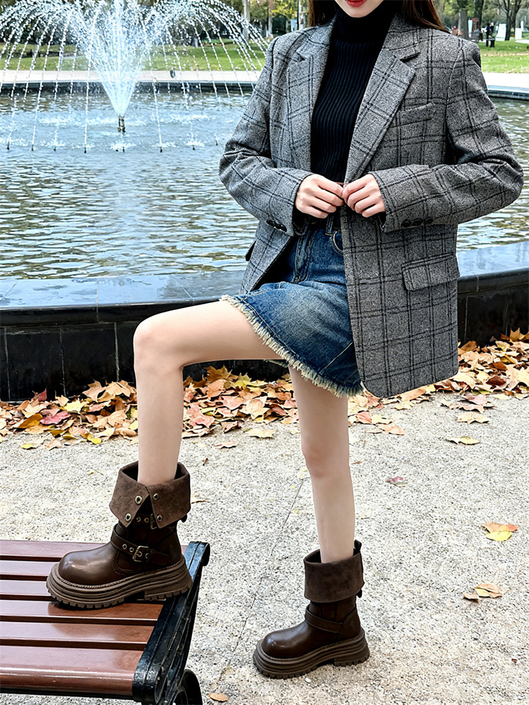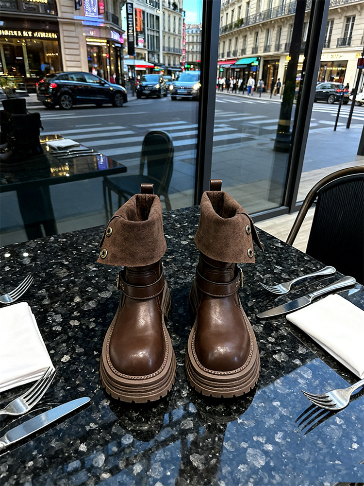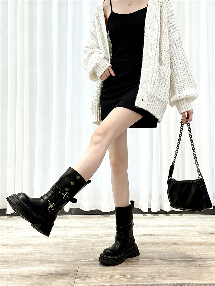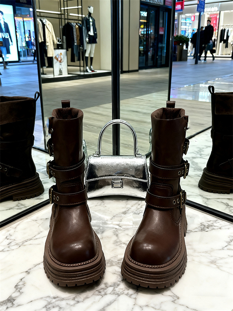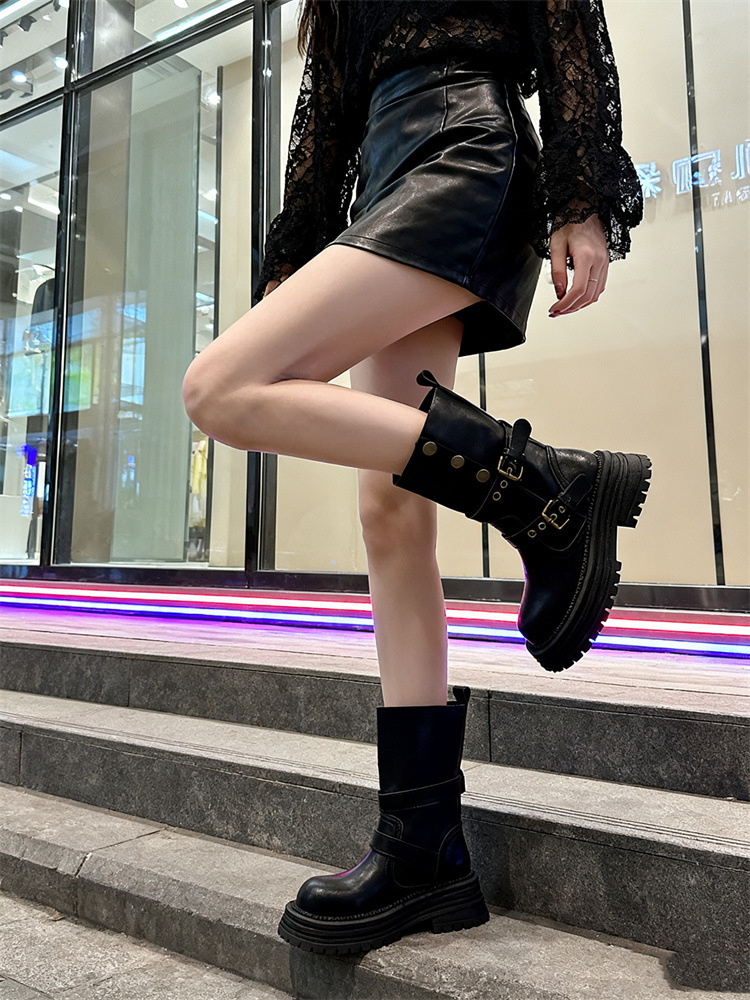 【美拉德❗️复古马丁靴】一鞋两穿,各种穿搭都能驾驭,皮面细腻柔软舒适,修饰腿型弧度曲线自然,2025新款秋英伦风马丁靴厚底黑色短靴女款QQ
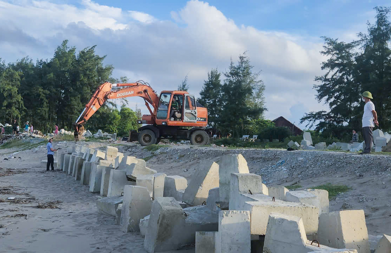 PNO - Để hạn chế sạt lở bờ biển lấn sâu vào đất liền, hàng trăm người ở xã Đan Hải (tỉnh Hà Tĩnh) đã được huy động gia cố lại các vị trí xung yếu trước khi bão Kajiki đổ bộ.
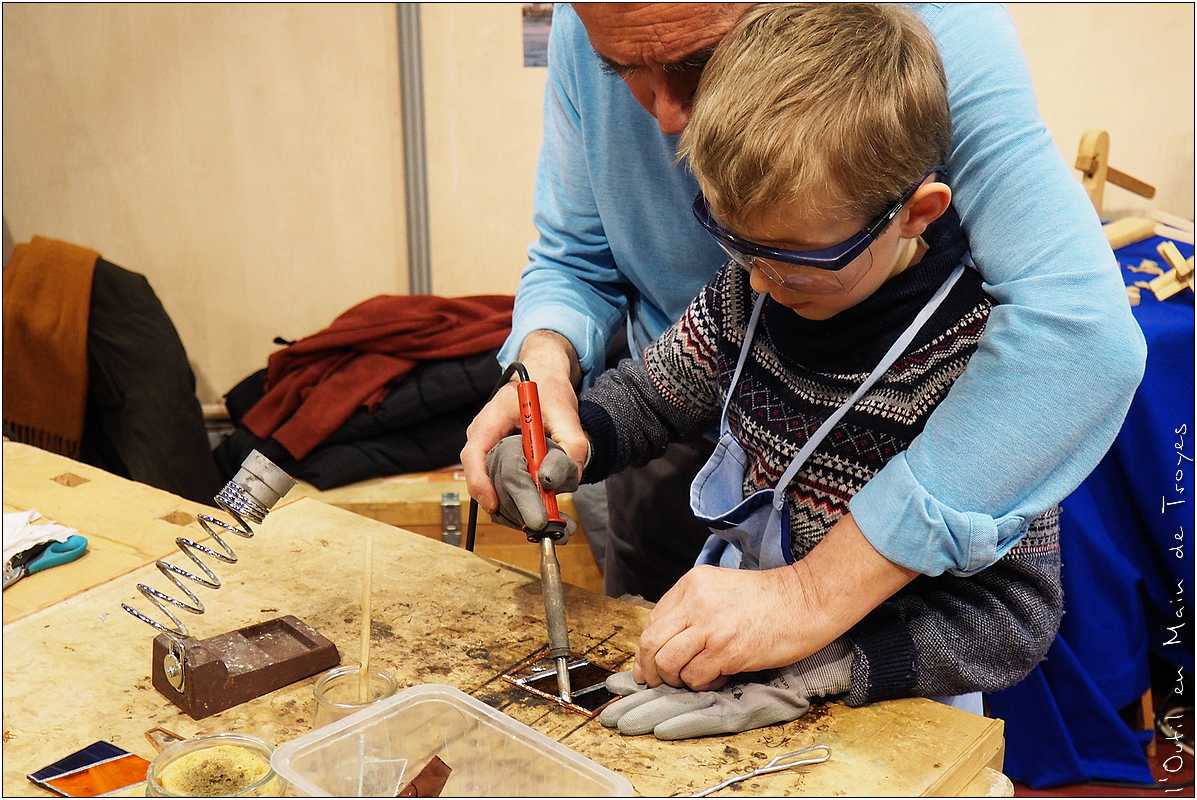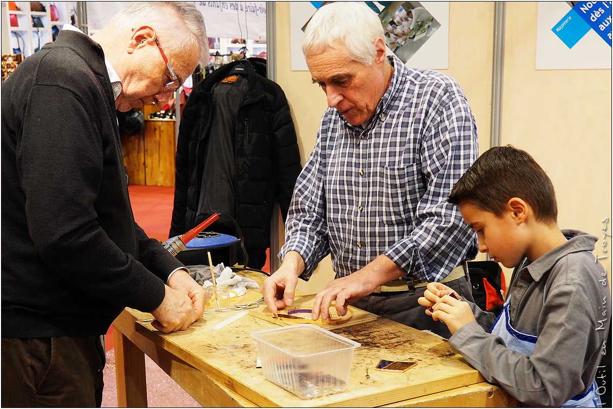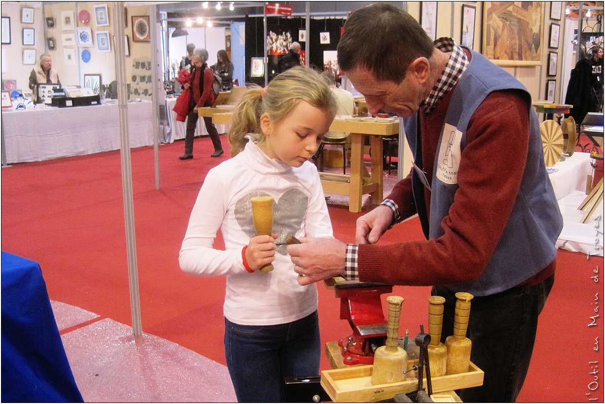 Durant tout le week-end, au milieu de la centaine de créateurs venus de toute la France, les animateurs des ateliers de l’Outil en Main de Troyes ont réalisé des démonstrations de leur savoir-faire en faisant participer les plus jeunes.
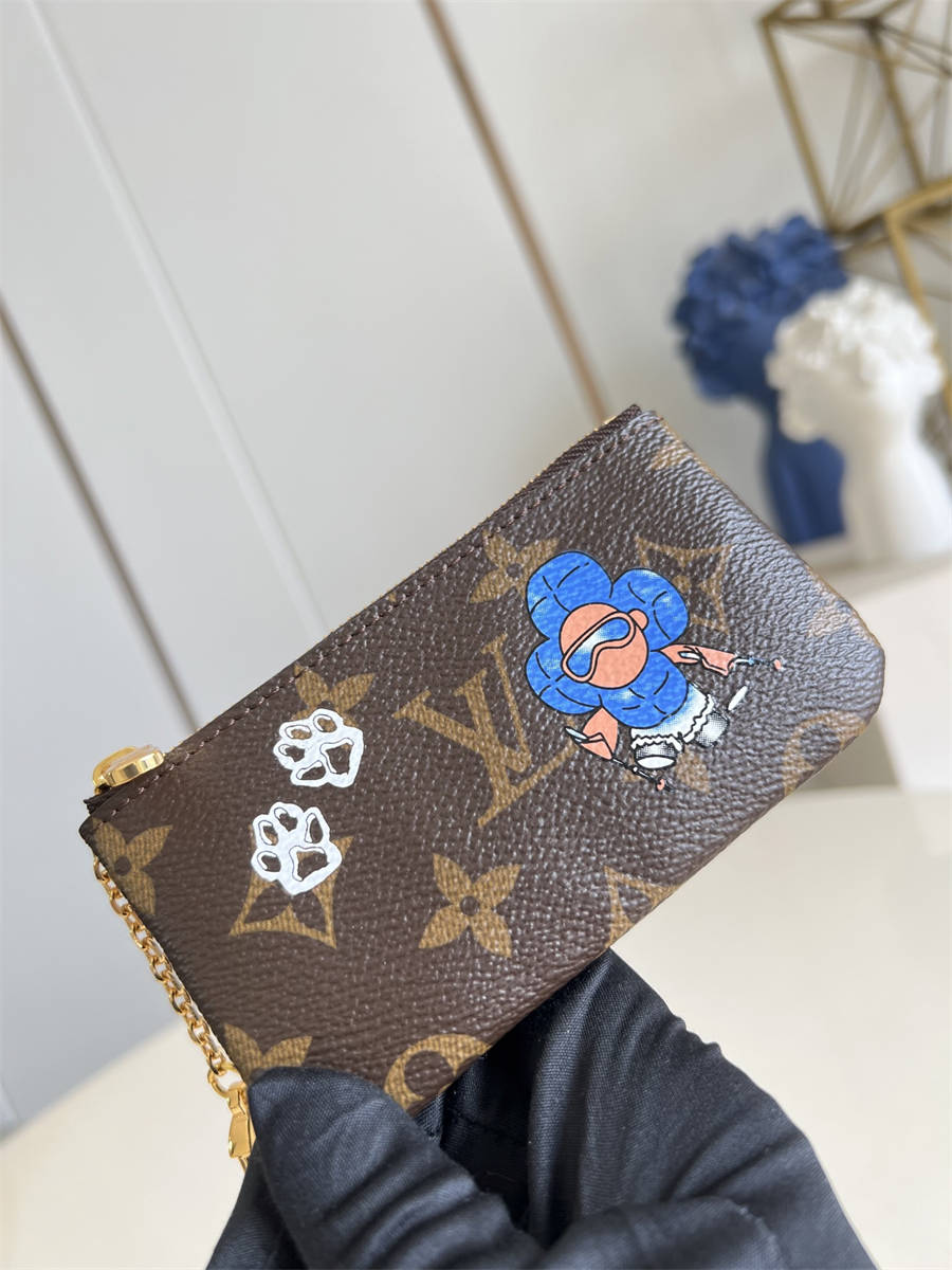 CKK【独家实拍 M15341 】Vivienne Wintery Travel 系列推出此款钥匙零钱包,以 Monogram 帆布呈现品牌吉祥物的萌趣插画和爪印图案,搭配莹泽钥匙钩扣和皮革内衬,令经典设计流露灵动格调。7 x 1.5 x 12 厘米 (高 x 宽 x 长度)

_Task statement_
Your reply should be the full data above, copied exactly, with no pictures in it.

_Problem solution_
 【美拉德❗️复古马丁靴】一鞋两穿,各种穿搭都能驾驭,皮面细腻柔软舒适,修饰腿型弧度曲线自然,2025新款秋英伦风马丁靴厚底黑色短靴女款QQ
 PNO - Để hạn chế sạt lở bờ biển lấn sâu vào đất liền, hàng trăm người ở xã Đan Hải (tỉnh Hà Tĩnh) đã được huy động gia cố lại các vị trí xung yếu trước khi bão Kajiki đổ bộ.
 Durant tout le week-end, au milieu de la centaine de créateurs venus de toute la France, les animateurs des ateliers de l’Outil en Main de Troyes ont réalisé des démonstrations de leur savoir-faire en faisant participer les plus jeunes.
 CKK【独家实拍 M15341 】Vivienne Wintery Travel 系列推出此款钥匙零钱包,以 Monogram 帆布呈现品牌吉祥物的萌趣插画和爪印图案,搭配莹泽钥匙钩扣和皮革内衬,令经典设计流露灵动格调。7 x 1.5 x 12 厘米 (高 x 宽 x 长度)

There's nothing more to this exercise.